Will’s jaws clenched. “Vanessa, I put her in your hospital years ago. You know what happened. I walked into your barn three days after she got there and found her fucking my horse trainer and doing coke.

“You can’t handle her. You don’t have the security and you don’t have the experience to deal with someone like Cass. Your nicey-nicey staff, Rudy and the rest of them, don’t know what to do with someone who attacks when she’s threatened and can con you faster than shake your hand.

“What diseases do you treat, anyway?”

“You know what illnesses I treat at our clinic,” Vanessa said stiffly. “My children are bipolar and schizophrenic. You know that. You also know that, in addition to caring for my family, I take other interesting psychiatric cases to keep my psychiatrists busy and myself alive intellectually.”

“What’s your cure rate?”

She bridled. “The diseases we treat are incurable. They are
treatable
. People with the disorders can live healthy, fully functioning lives.”

“How many of your patients have jobs and marriages when you’re done?”

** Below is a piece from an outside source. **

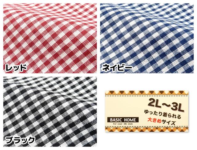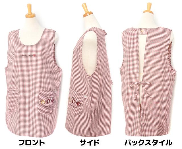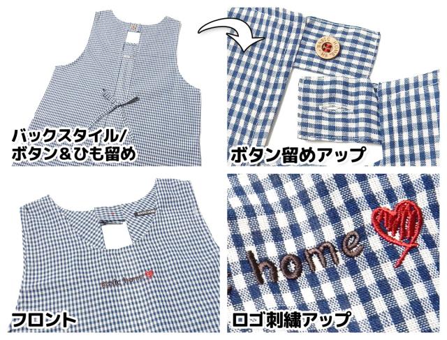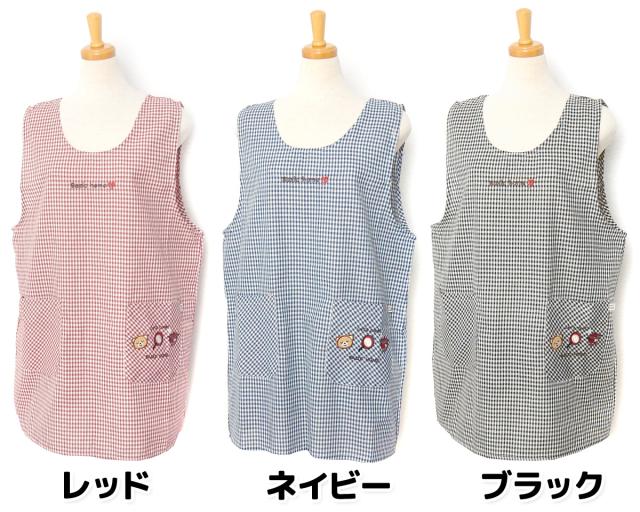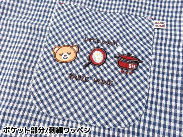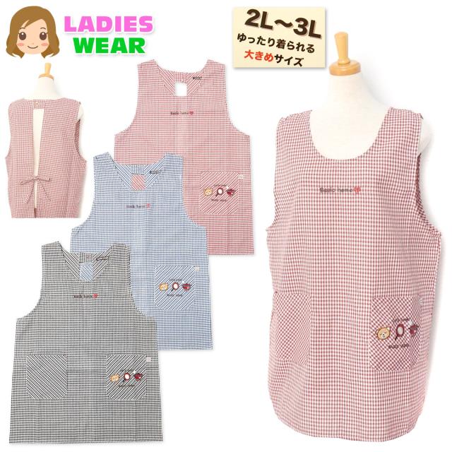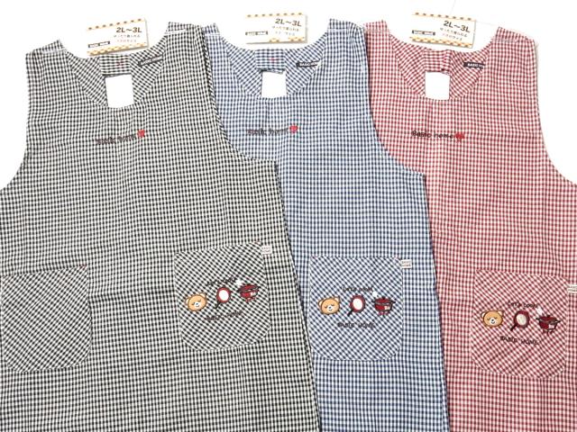 【送料無料】【大きいサイズ】婦人 レディース ラン型 エプロン 後ろボタン&ひも留め ギンガムチェック柄 くま刺繍ワッペン 2L-3L sl-0491【メール便対応】

“That’s cruel, Will. You know how ill my family is. The other patients we take are the most difficult cases that exist. Other institutions have not been able to help them. When they leave here, they’re better.” The old lady’s voice was tight with anger.

“Will, I think you’re making a terrible mistake that you’ll regret forever. Why a hospital so far away?

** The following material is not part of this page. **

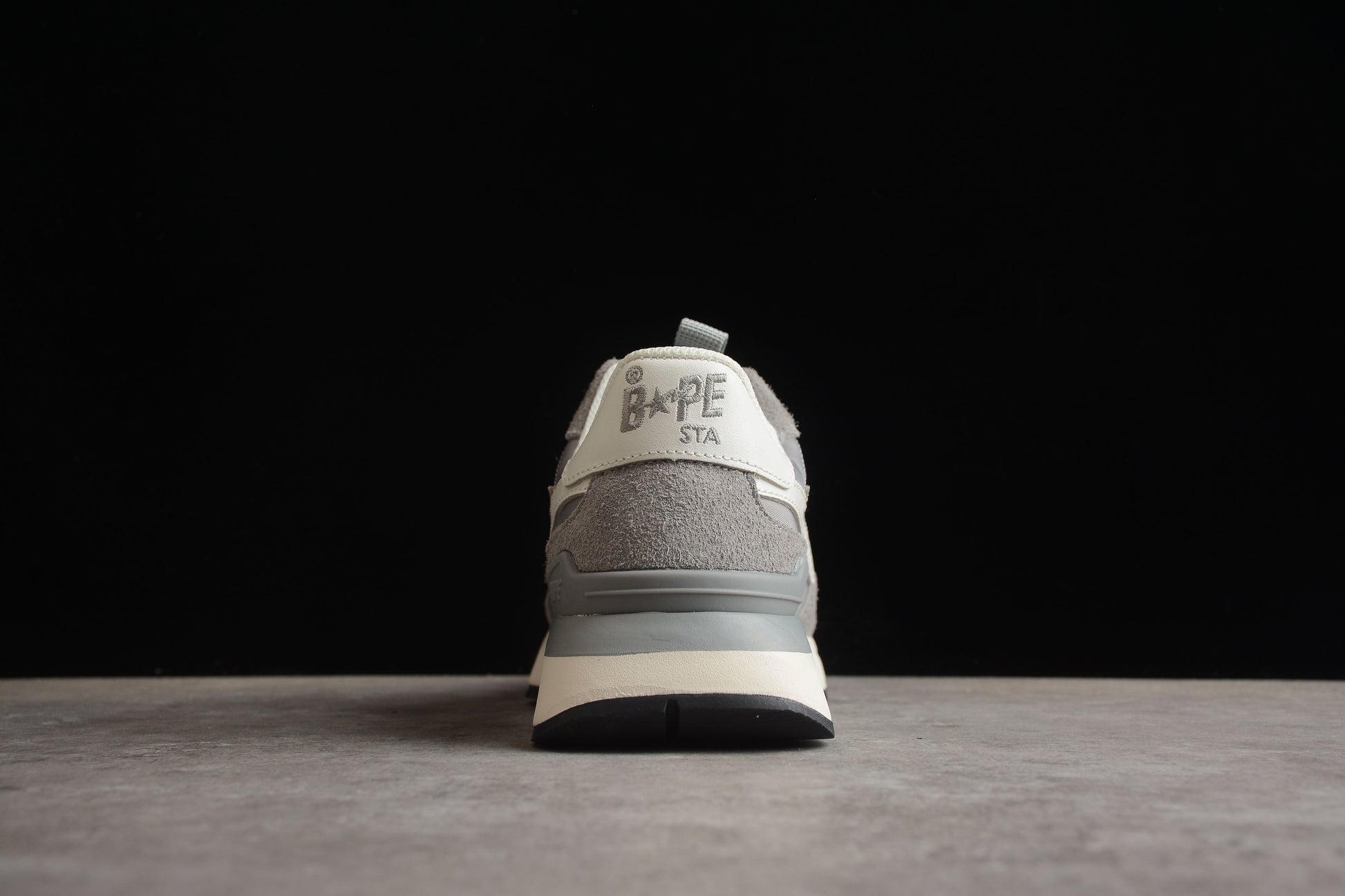 Confectionnée à partir de matériaux haut de gamme, l'empeigne associe mesh gris et empiècements en daim, offrant à la fois durabilité et respirabilité. Le subtil contraste entre les différentes textures apporte de la profondeur au design, tandis que le logo BAPE blanc en forme d'étoile sur les côtés lui confère une allure à la fois affirmée et discrète. Le coloris neutre gris et blanc permet à ces sneakers de s'accorder facilement avec de nombreuses tenues.

“I’m satisfied with my investigation and …” He depressed the lever on his phone while he was speaking. He smiled. She’d never know he hung up on her.

Will sat at his desk in his home office. He stared at the fine wooden surface spreading out in front of him. The draperies were closed, but he wouldn’t have been distracted by the priceless view of the rolling golden hills of Woodside, one of the most affluent towns in the world.

Why did Vanessa think she had the right to talk to him like that? Cass was his daughter. He had the right to decide what was best for her. He squirmed in his chair. He’d been uneasy since Leroy had come back. She would get well, and they would have the father-daughter relationship he’d dreamed of all of her life.

Leroy had found her, but
he
would save her. He and the hundreds of thousands it would cost to get her through the hospitals. He’d done it so many times before, and he would this time. He would save his daughter as long as she was alive.
He
would do that.

She would not run off with some penniless cowboy whose spelling didn’t make fifth grade. Leroy had written him an email from New York. The man was barely literate. Cass was
his
. His muscles tensed: jaws, shoulders, arms. Thighs, feet. Will didn’t notice.

He was back there again. What had happened last Christmas was live for a moment: his Montana ranch’s log walls glowed. The lights on the pine garlands festooning the great hall twinkled. The tree touched the three story high ceiling, branches weighed down by ornaments.